Chemistry - Frequency spectrum

In mathematics, physics and signal processing, the frequency spectrum shows the decomposition of a function, or wave, or signal, into its frequency components (the sinusoidal basis functions of the Fourier series).

It can be found from the result of a Fourier-related transform.

If the power spectrum gives information about the energy distribution among the frequency domain, the frequency spectrum gives information about the amplitude and the phase of each frequency component.

For audio signals amplitude corresponds to the air pressure, or to the movements of the diaphragm of a speaker.

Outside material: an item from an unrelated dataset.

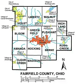 Map of Fairfield County, Ohio with Municipal and Township Labels
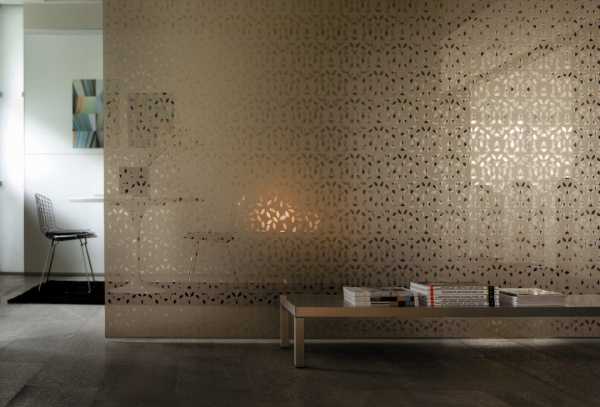 Межкомнатные перегородки могут изготавливаться из прозрачного, матового, тонированного или узорчатого стекла. Конструкция может быть из цельного листа или с использованием соединительных профилей. Для массивных и высоких перегородок используют прочное каленое стекло с толщиной 6-19 мм. Недостатком подобного стекла является его высокая стоимость.

Its logarithm is usually measured in dB, so a null amplitude corresponds to −∞ dB.

Contents

1 Frequency analysis on a sampled signal

1.1 Frequency-amplitude spectrum

1.1.1 Example

1.2 Frequency-phase spectrum
1.3 Window functions

2 See also

Frequency analysis on a sampled signal

Ideally, one would use the full Fourier transform to compute the frequency spectrum, but often only a finite set of discrete samples is available, in which case one generally applies spectral estimation techniques to some form of discrete Fourier transform. This is also called non-parametric spectrum estimation, as no prior knowledge or assumption goes into the calculation. The contrasting approach is parametric spectrum estimation, e. g. using an autoregressive moving average model.

Frequency-amplitude spectrum

Besides being important in mathematics and physics, the spectrum amplitude versus frequency is very important for digital signal processing and for audio processing software that needs to recognize the frequency of the signal before processing it.

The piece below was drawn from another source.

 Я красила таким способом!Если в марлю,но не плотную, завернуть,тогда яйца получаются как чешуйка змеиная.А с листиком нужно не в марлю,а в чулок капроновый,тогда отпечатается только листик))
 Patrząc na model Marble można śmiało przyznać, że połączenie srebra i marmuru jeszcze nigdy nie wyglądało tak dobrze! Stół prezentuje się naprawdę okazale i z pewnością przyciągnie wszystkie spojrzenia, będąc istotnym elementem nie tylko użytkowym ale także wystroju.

Let x(t) be the equation of our sampled signal on the time domain.

Let [0, T] be the interval considered.

Let n be the number of sampled values of the signal.

Then the distance between two consecutive sampled values is dt=T/n, and the sampling frequency is f_sampl = 1/dt.

Let x_k = x(t_k) = x(k dt) be the sampled values of the signal.

Since x(t) is real-valued, and since we are analysing the amplitude without being interested in knowing the phase, the discrete Fourier transform can be simplified by using Euler's formula:

$f_j\,\!$	$= \sum_{k=0}^{n-1} x_k e^{-2 \pi i j k/n}$
	$= \sum_{k=0}^{n-1} x_k \left ( \cos \left (\frac{2 \pi}{n} j k \right ) - i \sin \left (\frac{2 \pi}{n} j k \right ) \right )$
	$= \sum_{k=0}^{n-1} x_k \cos \left (\frac{2 \pi}{n} j k \right ) - i \sum_{k=0}^{n-1} x_k \sin \left (\frac{2 \pi}{n} j k \right )$

Hence:

$\left | f_j \right | = \sqrt{\left ( \sum_{k=0}^{n-1} x_k \cos \left (\frac{2 \pi}{n} j k \right ) \right )^2 + \left ( \sum_{k=0}^{n-1} x_k \sin \left (\frac{2 \pi}{n} j k \right ) \right )^2}$

The value 2|f_j|/n represents the amplitude of that component whose frequency is j/T.

Then it may be useful to draw a graph showing 2|f_j|/n in function of j/T, so that it is possible to have an idea of the dominant frequency components.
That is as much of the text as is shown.